Fini: le Frecce Tricolori sinonimo di eccellenza

ROMA. «Un sinonimo di eccellenza italiana», per il presidente della Camera Gianfranco Fini. «Un importante patrimonio per tutta la comunità nazionale», per il governatore Renzo Tondo. «Portatrici di un messaggio di pace», per il deputato e coordinatore regionale dell’Udc Angelo Compagnon.
Così i vertici delle istituzioni nazionali e regionali hanno inaugurato ieri la mostra per i 50 anni della Pattuglia acrobatica nazionale (Pan), organizzata a Montecitorio nella prestigiosa Sala della Lupa, che coincide con i 150 anni dell’Unità d’Italia. La Regione Friuli Venezia Giulia ha avuto un ruolo di primo piano nell’organizzazione dell’evento, che è stato realizzato su iniziativa di Enzo Cainero, commissario straordinario dell’Azienda speciale Villa Manin, e proposta alla Camera dal deputato regionale Angelo Compagnon. Alla cerimonia di ieri mattina, accanto a Fini e Tondo, erano presenti anche l’assessore regionale all’Agricoltura, Claudio Violino, e, per l’Aeronautica militare, il comandante della Squadra aerea generale Tiziano Tosi.
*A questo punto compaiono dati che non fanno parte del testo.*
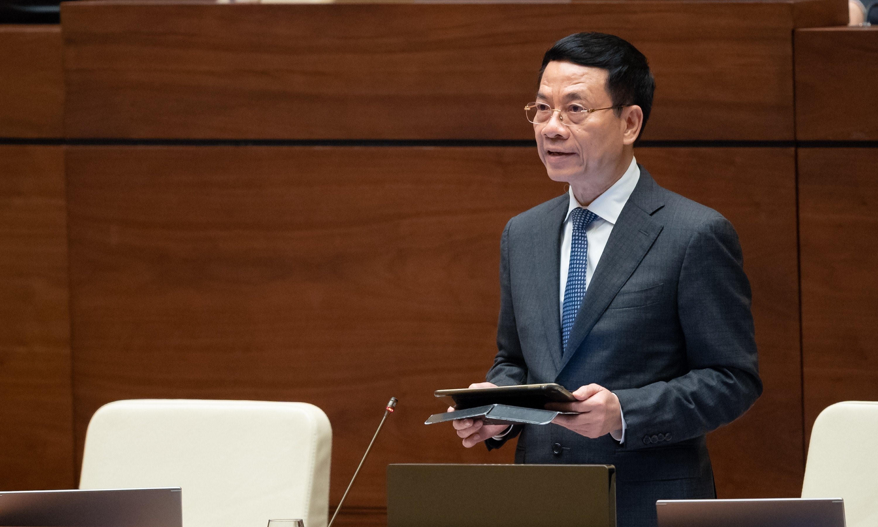 Bộ trưởng Nguyễn Mạnh Hùng phát biểu giải trình về dự án Luật Viễn thông (sửa đổi). |

«Le Frecce Tricolori sono sinonimo di eccellenza dell’Italia che tutti ci invidiano, primi fra tutti – ha detto Fini – i nostri cugini francesi. Non è retorico affermare che le Frecce sono un legittimo motivo di orgoglio per la nostra Patria perché non c’è luogo in cui la Pan non sia apprezzata e non sia un esempio per le donne e gli uomini che volano. Le Frecce – ha continuato il presidente della Camera – sono sinonimo di eccellenza, brand e marchio dell’Italia che ogni paese ci invidia: basti pensare a nostri cugini francesi». Anche per questo Fini ha voluto sottolineare che la mostra è stata ospitata nella sala «più prestigiosa» della Camera dei deputati, quella che «tradizionalmente ospita le iniziative più meritevoli»: la Sala della Lupa, quella, ha ricordato Fini, che ospitò i deputati Aventiniani e la stessa in cui fu poi proclamata la nascita della Repubblica Italiana.
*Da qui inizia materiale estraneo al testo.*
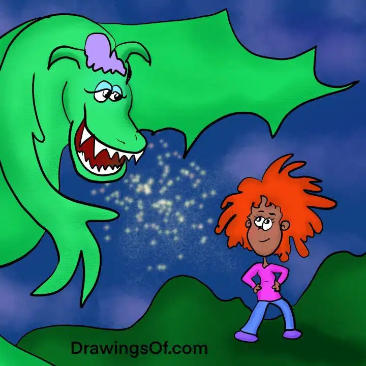 A great trick of creating humor through art is to juxtapose (contrast) a big thing with a tiny one. In my example cartoon here, a small girl is powerfully standing up to a hulking dragon.

«La Pattuglia acrobatica nazionale delle Frecce Tricolori rappresenta un importante patrimonio per tutta la comunità nazionale, un simbolo straordinario – ha aggiunto Tondo - di unità del Paese e nello stesso tempo di promozione dell’immagine dell’Italia nel mondo. Il governatore ha poi voluto sottolineare il rapporto «di particolare intensità, di vicinanza e di affetto» che si è instaurato sin dall’inizio tra la comunità regionale e le Frecce Tricolori, che hanno sede all’aeroporto di Rivolto in comune di Codroipo, proprio per il forte radicamento della Pan in Friuli Venezia Giulia.
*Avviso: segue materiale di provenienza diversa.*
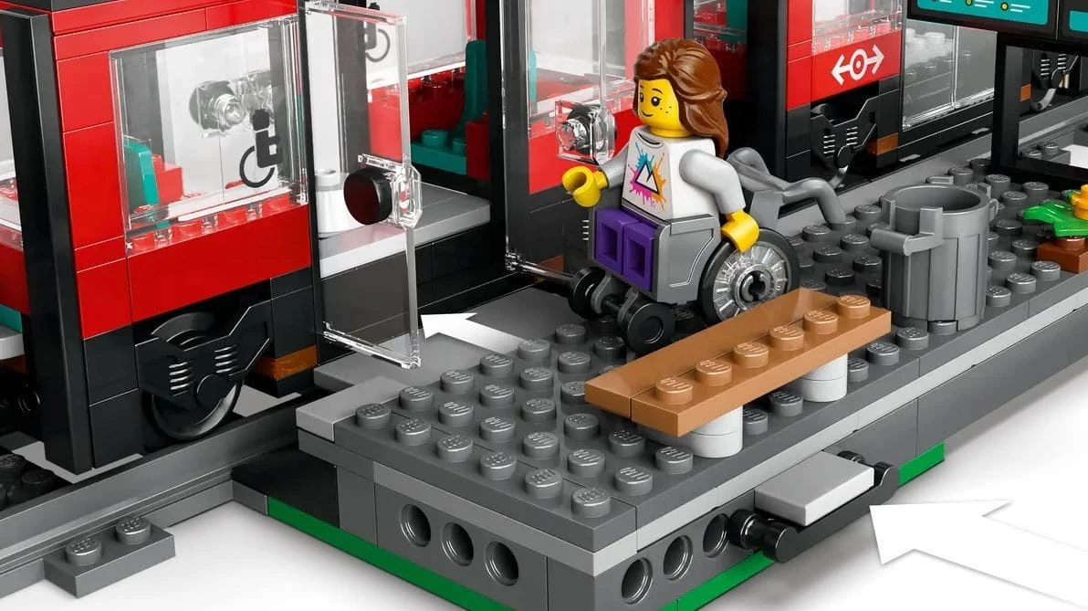 - Zestaw dla dzieci, które uwielbiają się bawić - zabawkowy tramwaj ma siedzenia dla minifigurek i otwierane podwójne drzwi, a na peronie stacji znajdują się wysuwane płyty pomostowe umożliwiające wsiadanie

Per Compagnon, invece, «le Frecce Tricolori non sono solo un’eccellenza italiana riconosciuta e apprezzata in tutto il mondo, esse sono soprattutto portatrici di un messaggio di pace». Il centrista non ha mancato di sottolineato le proprie origini friulane. «Chi vive dalle mie parti in provincia di Udine ha la fortuna, alzando gli occhi al cielo – ha detto Compagnon –, di poter spesso ammirare le splendide figure che le Frecce disegnano durante le prove per manifestazioni nazionali e internazionali. Ringrazio il presidente della Camera, al quale avevo sottoposto l’opportunità in un momento tanto delicato per il nostro Paese, nel quale è sempre più sentito il bisogno di maggiore senso dello Stato e rispetto delle istituzioni, di portare la mostra a Montecitorio, accomunando così – ha concluso Compagnon – il 50° anniversario della Pan con il 150° dell’Unità».